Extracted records
☆ ☆ ☆ ☆ ☆
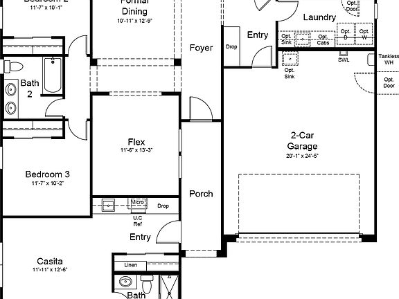 Private casitaThree-car garageFlexible flex roomSeparate formal dining roomOpen casual diningConvenient powder roomThree bedrooms
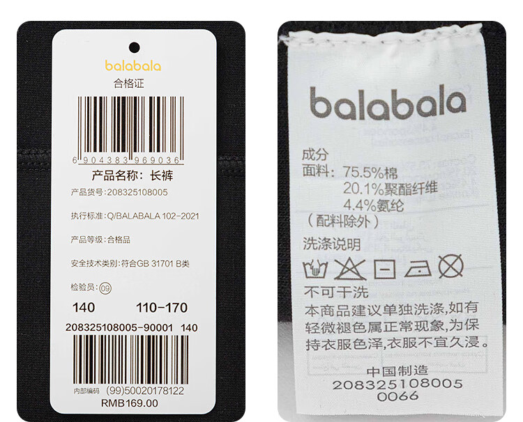巴拉巴拉balaone童装儿童裤子女童长裤2025秋直筒裤甜美时尚208325108005
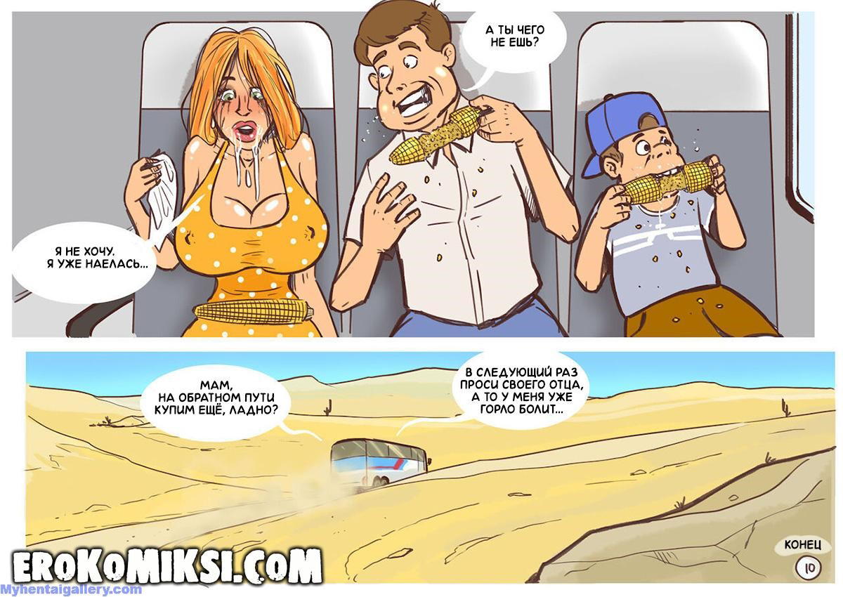 Порно комикс Добро пожаловать в Мексику, сука! Во время поездки в Мексику, сынок захотел кукурузу, и его мама пошла в ближайший киоск, чтобы удовлетворить прихоть сыночка. Увидев сексапильную мамашу, продавец вытащил из штанов свою «кукурузу» и как следует накормил мамашку…
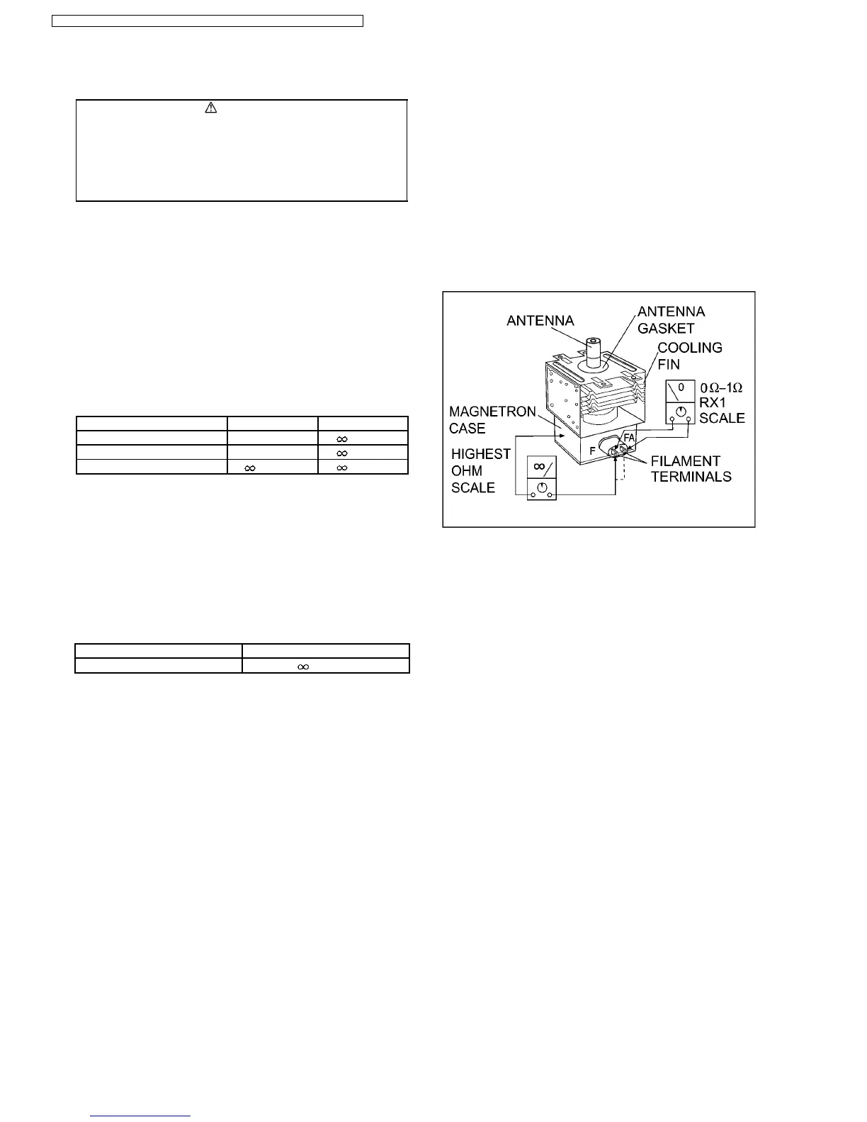 2. A continuity check across magnetron filament terminals
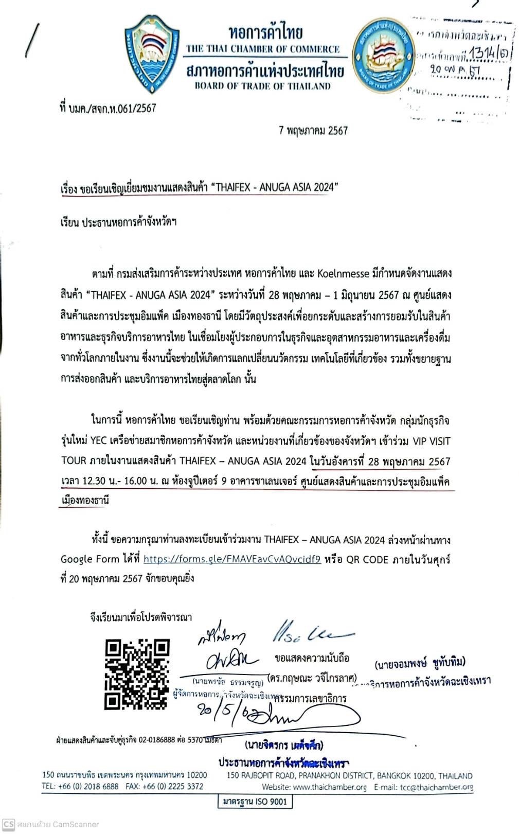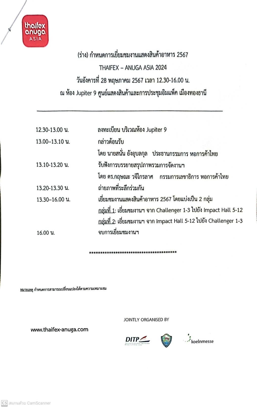 นายโชติอนันต์ ปินถานันท์ และ นางสาวปคุณา บุญก่อเกื้อ รองประธานหอการค้าฯ ร่วมงานแสดงสินค้า “THAIFEX – ANUGA ASIA 2024” ในวันอังคารที่ 28 พฤษภาคม 2567 เวลา 12.30 - 16.00 น. ณ ห้องจูปีเตอร์ 9 อาคารชาเลนเจอร์ ศูนย์การค้าและการประชุมอิมแพคเมืองทองธานี
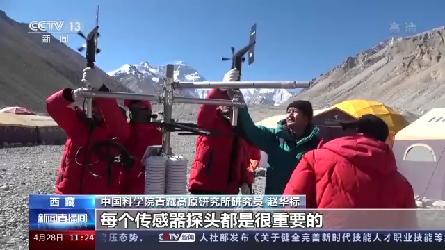 此次珠峰科考的一個(gè)重要任務(wù),是從海拔5200米到8800米搭建8個(gè)氣象站,其中4個(gè)在海拔7000米以上,它們的海拔分別在7028米、7790米、8300米和8800米。
☆ ☆ ☆ ☆ ☆
Brief
No picture is to be printed. Output exactly the lines above from the line containing "Порно комикс Добро" through the line containing "นายโชติอนันต์ ปินถานันท์ และ".

Written response
 Порно комикс Добро пожаловать в Мексику, сука! Во время поездки в Мексику, сынок захотел кукурузу, и его мама пошла в ближайший киоск, чтобы удовлетворить прихоть сыночка. Увидев сексапильную мамашу, продавец вытащил из штанов свою «кукурузу» и как следует накормил мамашку…
 2. A continuity check across magnetron filament terminals
 นายโชติอนันต์ ปินถานันท์ และ นางสาวปคุณา บุญก่อเกื้อ รองประธานหอการค้าฯ ร่วมงานแสดงสินค้า “THAIFEX – ANUGA ASIA 2024” ในวันอังคารที่ 28 พฤษภาคม 2567 เวลา 12.30 - 16.00 น. ณ ห้องจูปีเตอร์ 9 อาคารชาเลนเจอร์ ศูนย์การค้าและการประชุมอิมแพคเมืองทองธานี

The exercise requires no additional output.